UCD School of Mathematics and Statistics Seminars

Thomas Chadefaux (Trinity College Dublin)

will speak on

The grammar of conflict: Discovering motifs in armed violence

Time: 3:00PM
Date: Thu 12th February 2026
Location: E0.32 (beside Pi restaurant) [map]

Abstract: Does history repeat itself, or do conflicts merely rhyme in their own unpredictable ways? The Patterns of Conflict Emergence (PaCE) project asks whether wars follow a discoverable grammar—a set of temporal rules that structure how violence escalates, endures, and subsides. Drawing on three decades of global conflict data, we develop a framework that treats conflicts as evolving temporal sequences rather than isolated events. Using automated pattern-recognition and time-series clustering techniques, we identify recurring motifs that reappear across regions, scales, and historical periods.
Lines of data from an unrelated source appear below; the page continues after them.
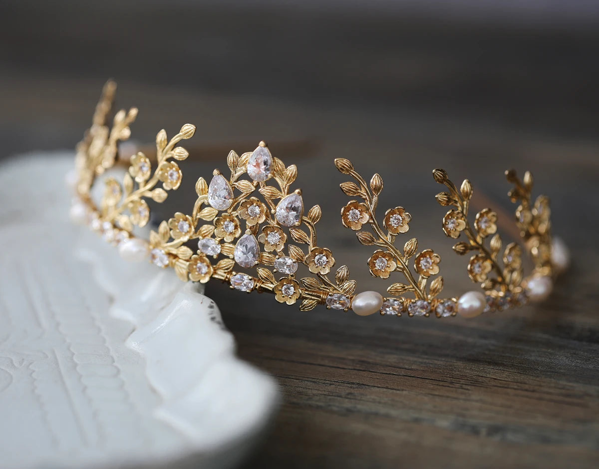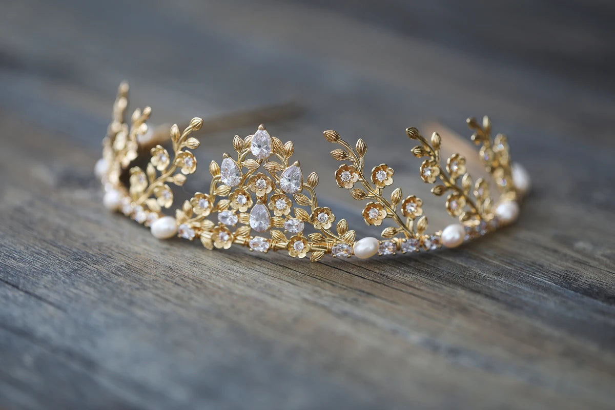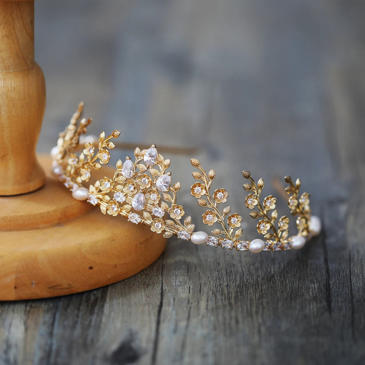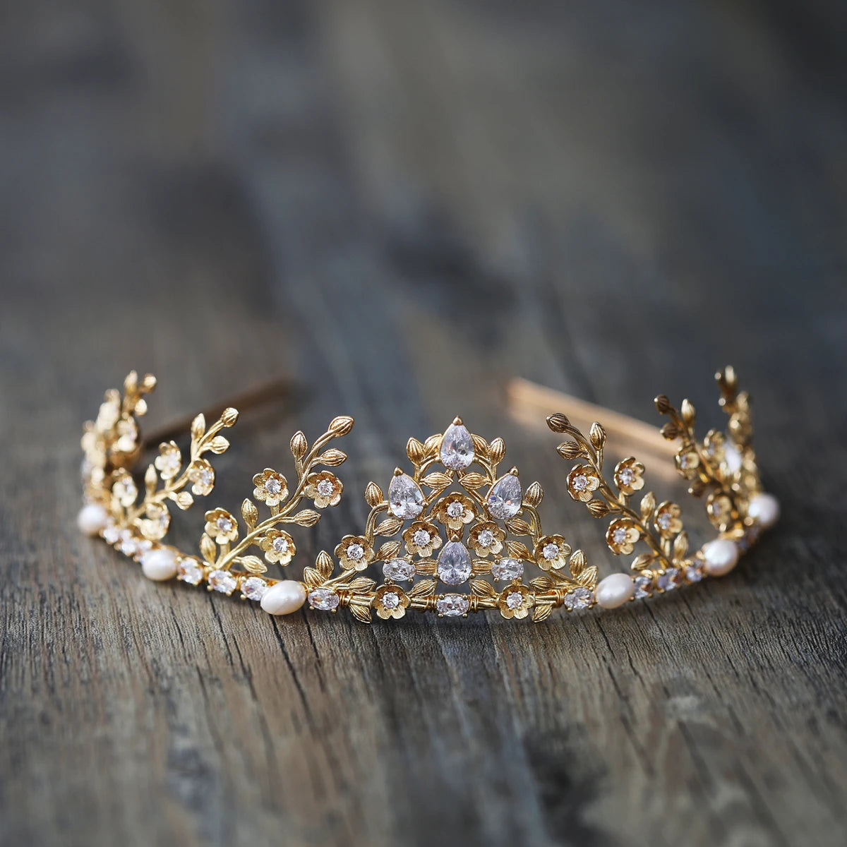 Bridal Hair Jewelry Vintage Tiara Crown Zircon Pearl Headband Headpiece For Brides Princess Queen Hairband Wedding Accessories
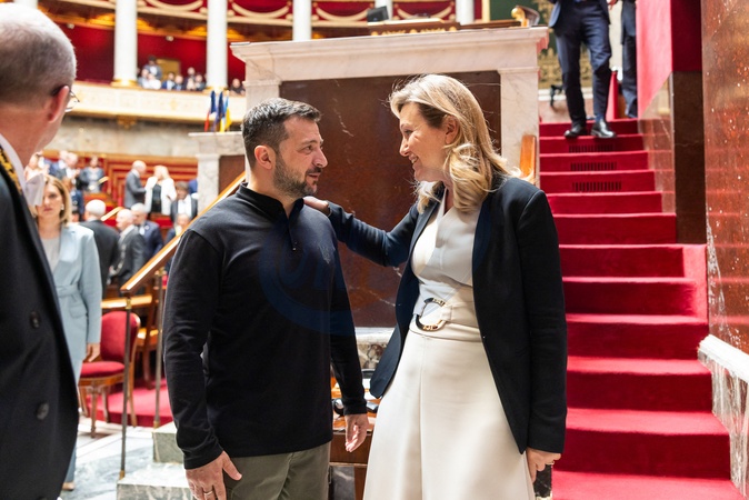 President Volodymyr Zelensky and French president of National Assembly (Parliament) Yael Braun Pivet at the National Assembly during Zelensky visit to Paris on 7 June 2024. © Ukraine Presidency via Bestimage
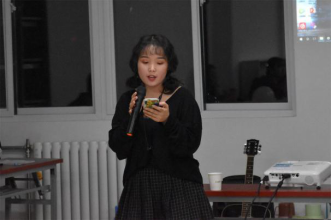 茶话会的最后一个环节“数字抱团”开始,同学们依次上台介绍自己,大家积极互动。数名同学演唱一小段自己的拿手曲目,现场掌声不断。最后,歌曲《平凡之路》的音乐响起,同学们打开手机手电筒,茶话会在点点光亮与优美的歌曲中落下帷幕。
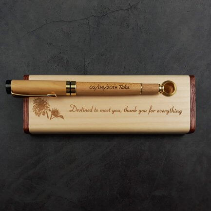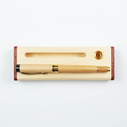 Combo CBB01 gồm: bút gỗ maple nắp đậy BG01 và hộp bút gỗ maple có rãnh.
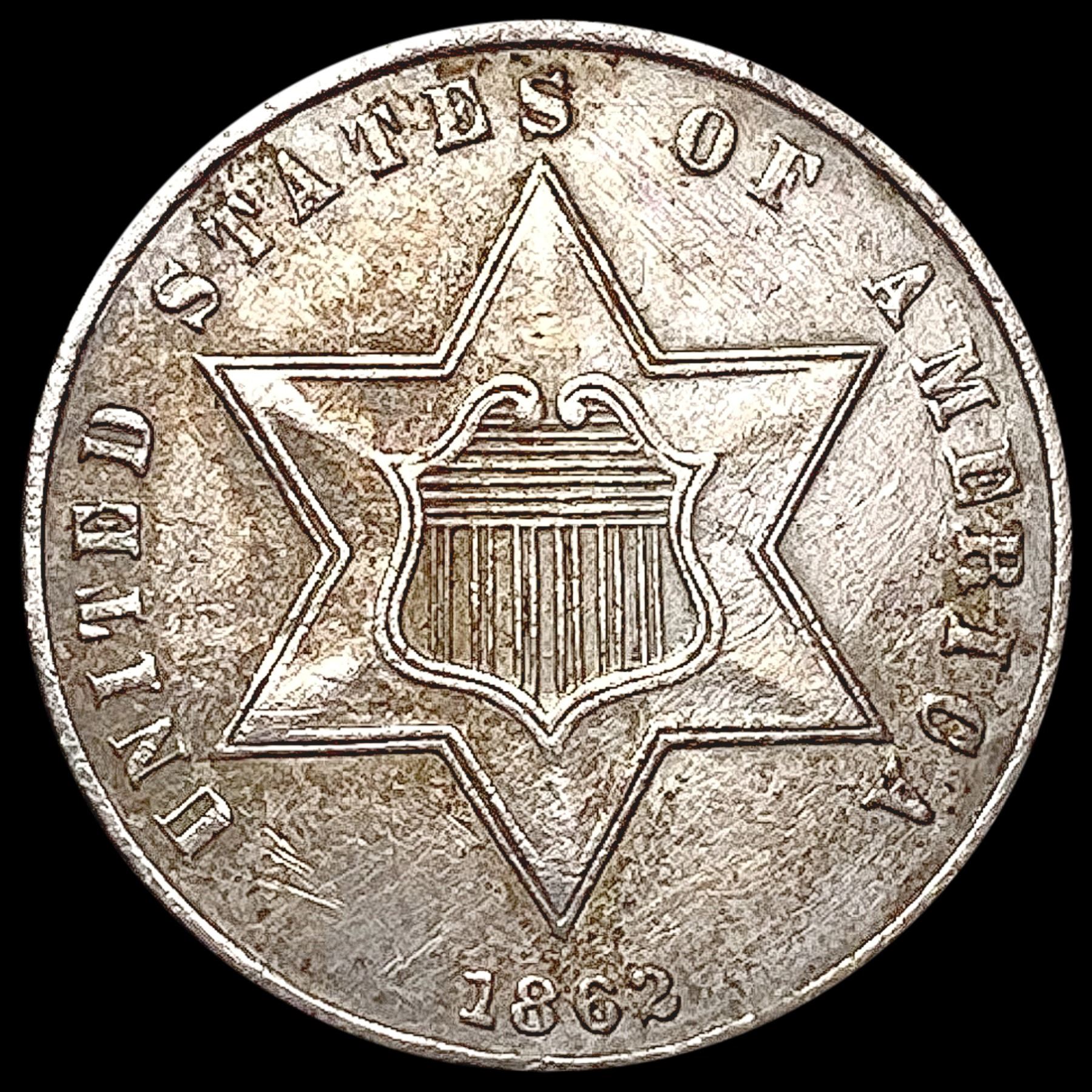 1862 Silver Three Cent CLOSELY UNCIRCULATED
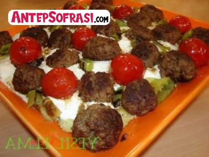 - kızartın. Sarımsaklı yoğurdun üzerine yeşil biberleri onun üzerine de köfteleri dizin. Köfteleri
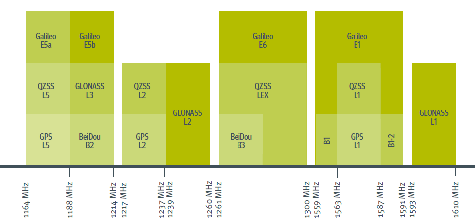 GNSS+IMU耦合系統中的GNSS部分需處理來自多個星座、多個頻段的複雜訊號(如圖所示的GPS L1/L2/L5, GLONASS L1/L2/L3, Galileo E1/E5a/E5b/E6, BeiDou B1/B2/B3等)。模擬器需要能準確再現這些訊號特性,而耦合演算法也需能有效融合這些多樣化的觀測數據。

These results reveal that conflict dynamics show systematic regularities that can be detected, classified, and used for forecasting. Motif-based models trained on these temporal structures significantly improve predictions of conflict trajectories weeks to months ahead, outperforming traditional correlational approaches while requiring fewer contextual covariates. PaCE shows that the timing and sequencing of events have predictive power that rivals or exceeds structural factors.

(This talk is part of the Statistics and Actuarial Science series.)